I wore the Tektro pads that came on my bike recently and my LBS replaced them with stock Shimano pads. The difference in stopping power is very noticeable. I haven't tried the Koolstops but I'm wondering if they make the rims wear out faster than your average pads.


----------



## Devastator (May 11, 2009)

If Shimano pads work Id recommend DA pads, Im running 7900 pads in my Ultegra brakes and they provide plenty of braking power, I do only weigh 165 though. I got em for $10 a set. Theres a huge difference between my Ultegra pads and DA pads. I did consider Sram RED brakes which are swiss stops but they were I think 20 a piece, It felt hard for me to justify twice the price, for maybe a little better stopping power.


----------



## AJL (Jul 9, 2009)

Just stop by your LBS and get some Shimano (or Koolstop) pads.
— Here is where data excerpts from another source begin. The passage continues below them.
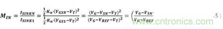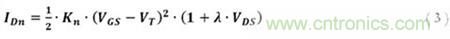那么該偏置網(wǎng)絡(luò)第N個柱的MOSFET源電壓是什么,VSN?考慮到工作在飽和區(qū)的NMOS漏極電流等式是:
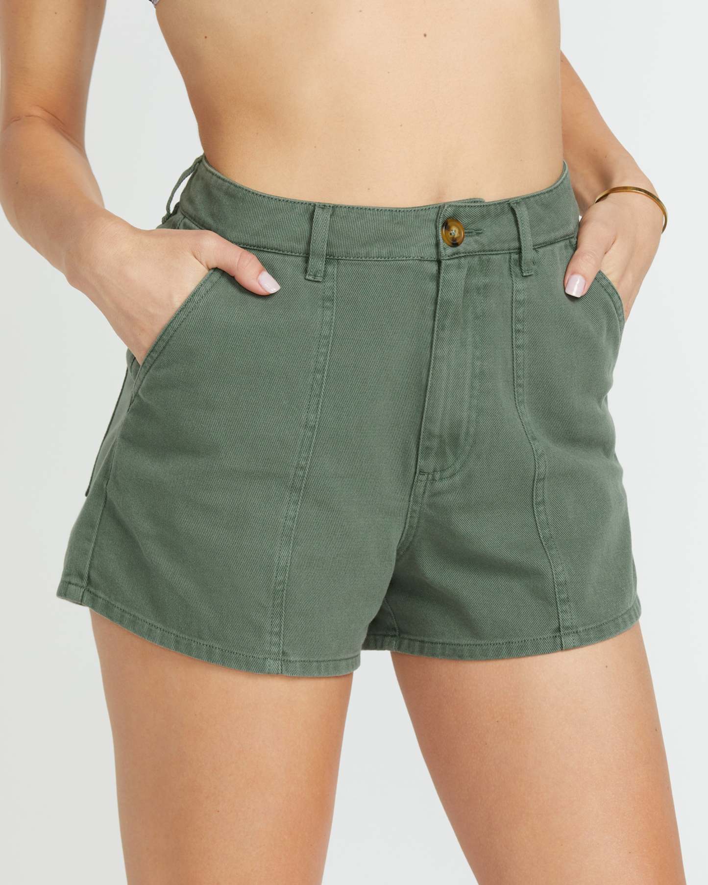 Crafted from 100% cotton twill, these high-waisted denim shorts offer a slim, flattering fit. Zipper fly and multiple pockets provide functional style. Perfect for summer fun. Featured here in the Forest colorway.
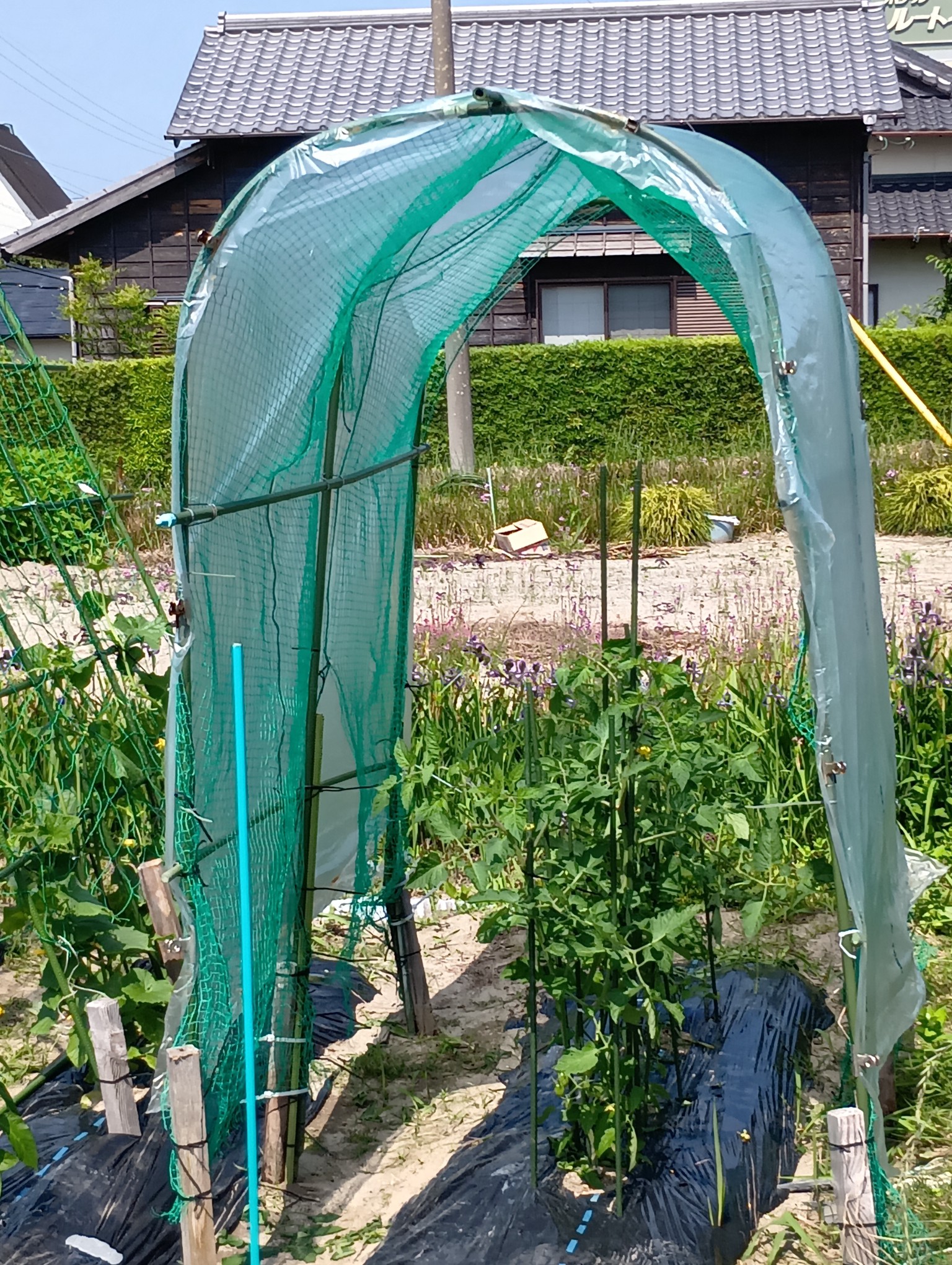 こんにちは^^昨日に続きブログが更新できました^^今日も孫三人元気に登校・登園してくれてます^^自分の1週間の予定ですが^^一応原則、作業は午前中で午後から身体を休める時間帯と決めてます^^特にこれから暑い夏に向かって必要不可欠な時間帯と思ってます^^月曜日は予定なし(急に予定が入る事があります)火曜日:11時半からと15時半からの高齢者向けのお弁当配達業務水曜日:15時半分から社会福祉協議会から依頼されてる高齢者宅の生ゴミ出し(ふれあいサポーター)木曜日:11時半からと15時半からの高齢者向けのお弁当配達業務金曜日:電気マッサージ、月一回の民生委員児童委員協議会定例会土曜日日曜日:孫のお世話2ヶ月1回の血液検査の為の受診2ヶ月1回の耳鼻咽喉科受診3ヶ月1回の眼科受診(来年3月白内障の手術予定)3ヶ月1回の内科受診(糖尿病予防検査)不定期にシルバー人材センターの依頼仕事この日や以外の日の空いた時間を利用しての家庭菜園の農作業及び民生委員の業務の一人暮らしの高齢者等のお宅訪問(近況伺い・安否確認)これが年間100日余りです^^民生委員児童委員の業務ってこれ以外に急に入る業務も結構あります。民生委員児童委員は今年11月一杯で1期3年の任期が終了します今年は全国一斉改選の年です。自分はもう1期3年継続するつもりです^^これで合計3期9年となります^^で、今日はお昼のお弁当配達まで時間が空いたので🍅の雨除けビニールシートを掛けることが出来ました。で、もう一つ小玉🍉の支柱に網掛けも出来ました^^これで完成ではなく所々網を支柱に括り付けます明日でもやりましょうか??明日は今のところ15時30分から社会福祉協議会から依頼されてる高齢者宅の生ゴミ出し(ふれあいサポーター)しか予定が無いので大玉🍉の親蔓の剪定🥒の余分な枝の剪定🍅の支柱前後のビニール掛け夏野菜等の風よけビニールシートを外して苗の支柱への括り付けでもしましょうか??
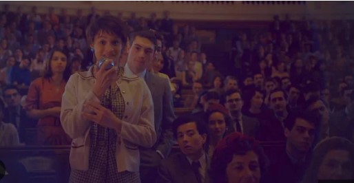 La cámara casi acaricia los vestidos de satén blanco, seda azul y tul limón. Las faldas amplias, largas y ahuecadas con enaguas, los talles ceñidos que aportan estilo a la silueta marcando el regreso de la corsetería, los hombros estrechos y los escotes amplios representan una nueva feminidad…. La audiencia enloquece.
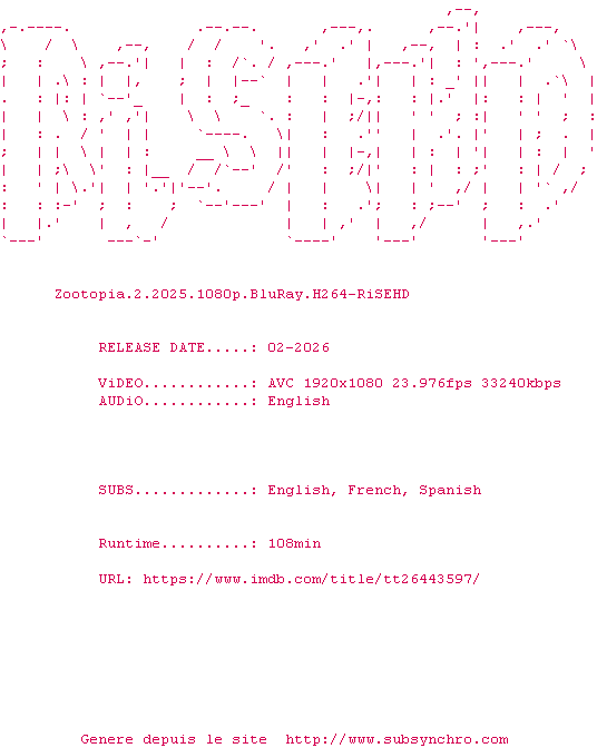 Voir le nfo de la release Nobody.2.2025.1080p.BluRay.H264-RiSEHD

The difference, especially in the wet, will be very obvious.


----------



## tober1 (Feb 6, 2009)

+1 just get some koolstops. They are le good. 
Calipers shmalipers. The pads make a much bigger difference.


----------



## knucklesandwich (Feb 23, 2007)

Get the salmon Dura Type ones:
http://www.koolstop.com/brakes/index.php#Anchor-Salmon-57343


----------



## CHL (Jun 24, 2005)

If you're going to ride in wet weather, then get the Koolstop Salmon colored pads. I couldn't stop my bike worth beans using the Shimano pads (Ultegra 6600/Eurus Wheels - 125-130lbs). I don't know if there is a difference in brake pads between 7800 and 6600. I've never ridden my 7800 equiped bike in the rain or wet terrain.

CHL


----------